What fraction of time nearest neighbors in same halo? 

What is the distribution of Angular distances?

What fraction of time is nearest neighbors at a similar enough redshift?

In [None]:
# Now bin so that things with ang distances higher than the max we care about are thrown out
BIN_COUNT = 25
bins = np.logspace(np.log10(3), np.log10(60*60), BIN_COUNT)
print("Angular Distance Bin Markers", bins)

z_bins = SimpleRedshiftGuesser.z_bins
print("Redshift Bin Markers", z_bins)

POBS_BIN_COUNT = 25
POBS_bins = np.linspace(0.01, 1.0, POBS_BIN_COUNT)
print("Pobs Bin Markers", POBS_bins)

APP_MAG_BIN_COUNT = 25
app_mag_bins = np.linspace(15.0, 20.01, APP_MAG_BIN_COUNT)
print("App mag bin markers", app_mag_bins)

LOST_GALAXIES_ONLY = True

if LOST_GALAXIES_ONLY:
    treename = 'mxxl_same_halo_analysis_fiberassigned_b' + str(BIT_CHOICE)
    catalog = coord.SkyCoord(ra=ra[fassigned]*u.degree, dec=dec[fassigned]*u.degree, frame='icrs')
    sim_halo_id_catalog = sim_halo_id[fassigned]
    z_obs_catalog = z_obs[fassigned]
else:
    treename = 'mxxl_same_halo_analysis_all'
    catalog = coord.SkyCoord(ra=ra*u.degree, dec=dec*u.degree, frame='icrs')
    sim_halo_id_catalog = sim_halo_id
    z_obs_catalog = z_obs


In [None]:
# Get NN's angular distance distribution and same halo truth from MXXL

# Though this is binned by z of the target and not the NN, it shouldn't be able to affect results
# by recipricality of NN
z_bin = np.digitize(z_obs, z_bins)

if LOST_GALAXIES_ONLY:
    #nn_bins = np.arange(5)+1
    nn_bins=[1]
else:
    nn_bins = [2]#[2,3,4] # this means closest 3. '1' will find the same object.

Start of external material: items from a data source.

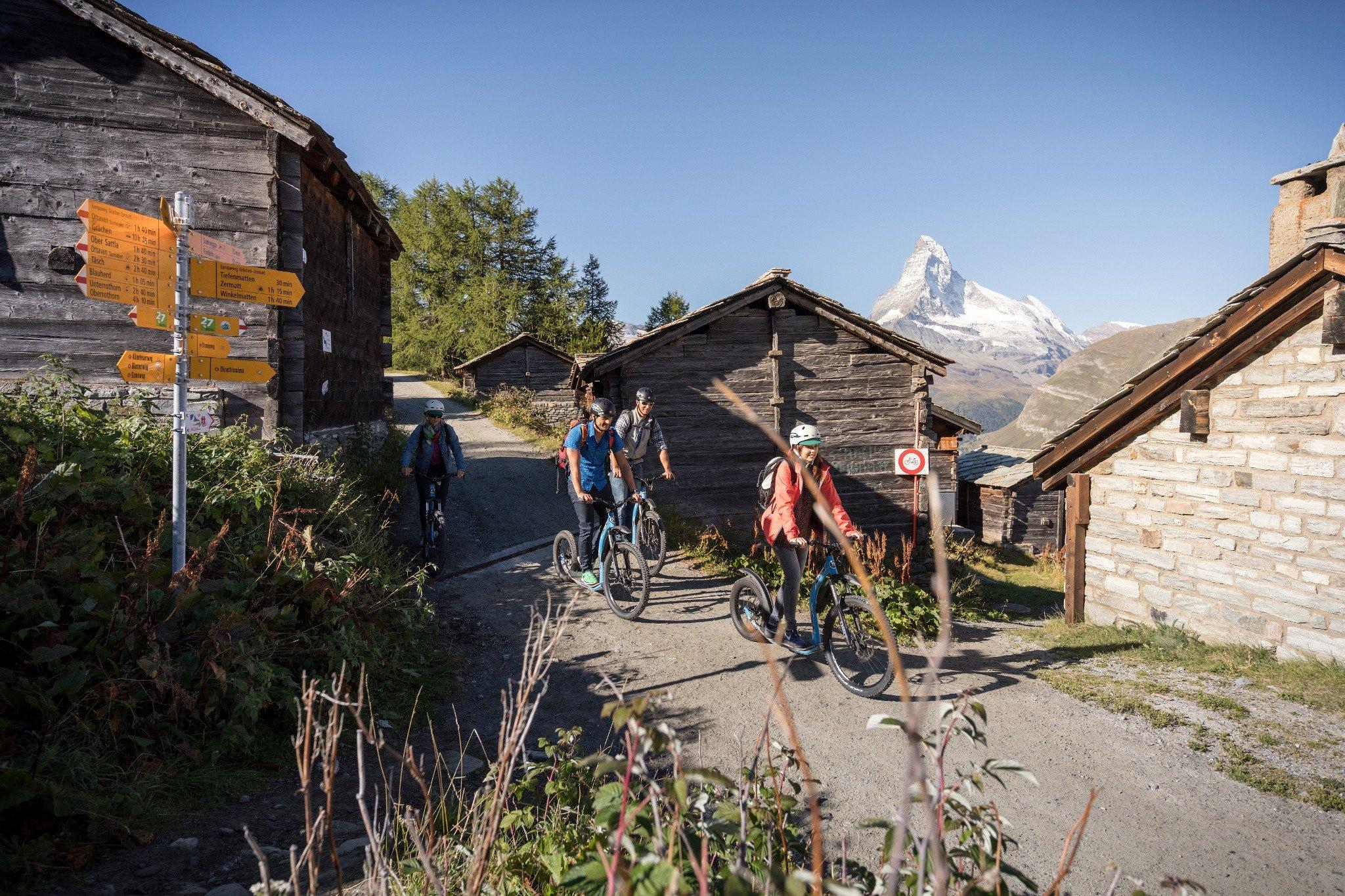 Kickbike riding is the rapid fun for young and old. From Sunnegga it first goes towards Tufteren, past old larches and tall larches. At Tufteren you finally dive into the green of the mountain forest. In a wide zigzag it goes down into the village of Zermatt.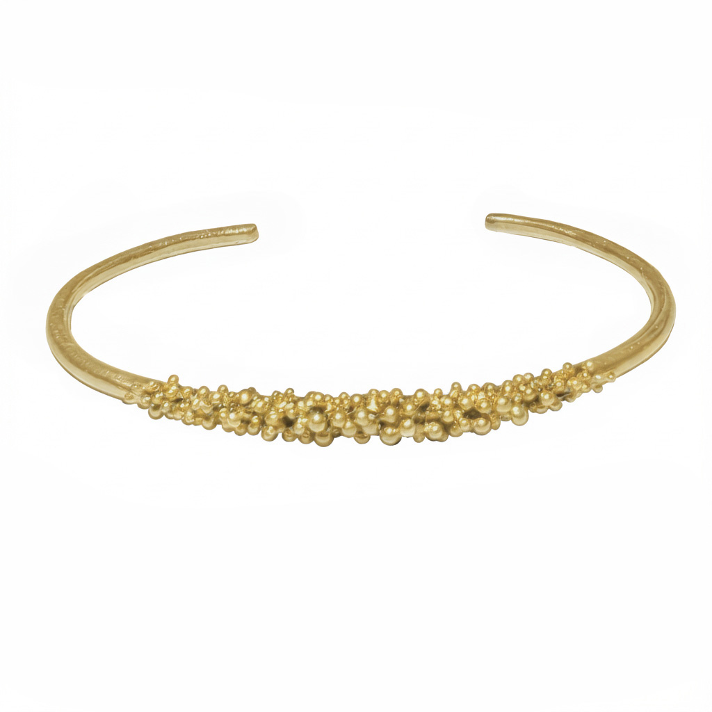 Polsera de la col.lecció Grana , estil esclava, de fil de plata d’uns 0.2cm de diametre, cobert per petites boletes de plata la majoria concentrades en la part central, d’uns 2.2cm de llargada.
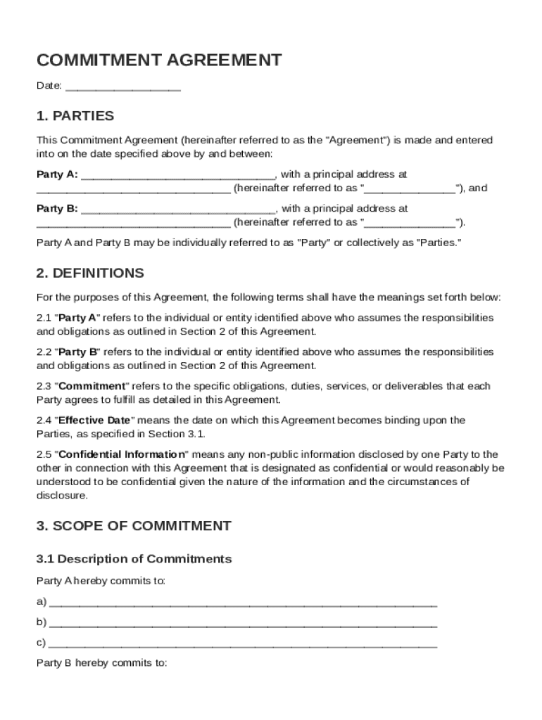 A Commitment Agreement Template is a document that outlines the terms and expectations between parties regarding their obligations and promises.

all_ang_bincounts = np.ones((len(z_bins), len(nn_bins), len(bins)))
all_same_halo_bincounts = np.zeros((len(z_bins), len(nn_bins), len(bins)))
all_same_z_bincounts = np.zeros((len(z_bins), len(nn_bins), len(bins)))
all_sim_z_bincounts = np.zeros((len(z_bins), len(nn_bins), len(bins)))

for i in range(len(z_bins)):
    for j in range(len(nn_bins)):
        if LOST_GALAXIES_ONLY:
            filter = np.all([z_bin == i, fnotassigned], axis=0)
        else:
            filter = z_bin == i
        to_match = coord.SkyCoord(ra=ra[filter]*u.degree, dec=dec[filter]*u.degree, frame='icrs')
        idx, d2d, d3d = coord.match_coordinates_sky(to_match, catalog, nthneighbor=nn_bins[j], storekdtree=treename)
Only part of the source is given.